As Kenya’s Business Daily points out, most Kenyans, like most Africans, prefer buying a local prepaid SIM card to stay connected when travelling abroad because it is much cheaper than opting for international roaming charges.
It quoted Mr Mucheru as saying: “We want a situation where data charges are the same through [an] Africa continental free trade area creating a market of 1.4 billion people to compete globally.”
There is of course already an African Union-backed initiative to remove international roaming rates in voice and data communications via Smart Africa. Smart Africa is an alliance of over 37 heads of state and government.

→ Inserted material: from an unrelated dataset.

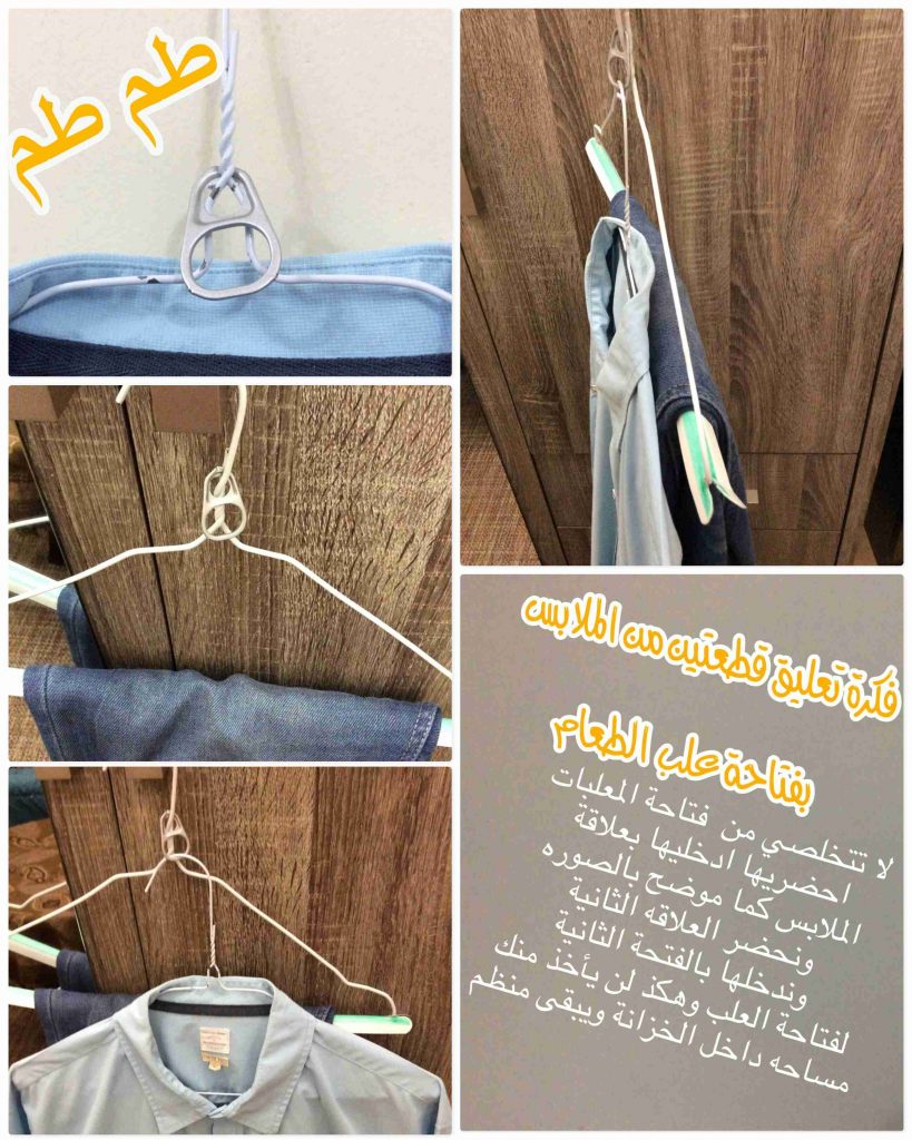 فكرة تعليق قطعتين من الملابس بفتاحة علب الطعام.

Its aims include affordable access to broadband and using ICT in Africa to establish a knowledge economy.
The goal of the alliance is also to develop a digital single market on the African continent by 2030. It is seeking to abolish mobile roaming charges across the continent within eight years and to require operators to treat all internet traffic equally.
There’s no doubt that consumers and businesses like the idea of cheap roaming, especially at a time when the costs of calls to a number of African countries are going up, as are the costs of basic commodities like food, electricity and fuel.
So far, however, Mr Mucheru has not provide details of any concrete moves towards pan-African scrapping of roaming charges.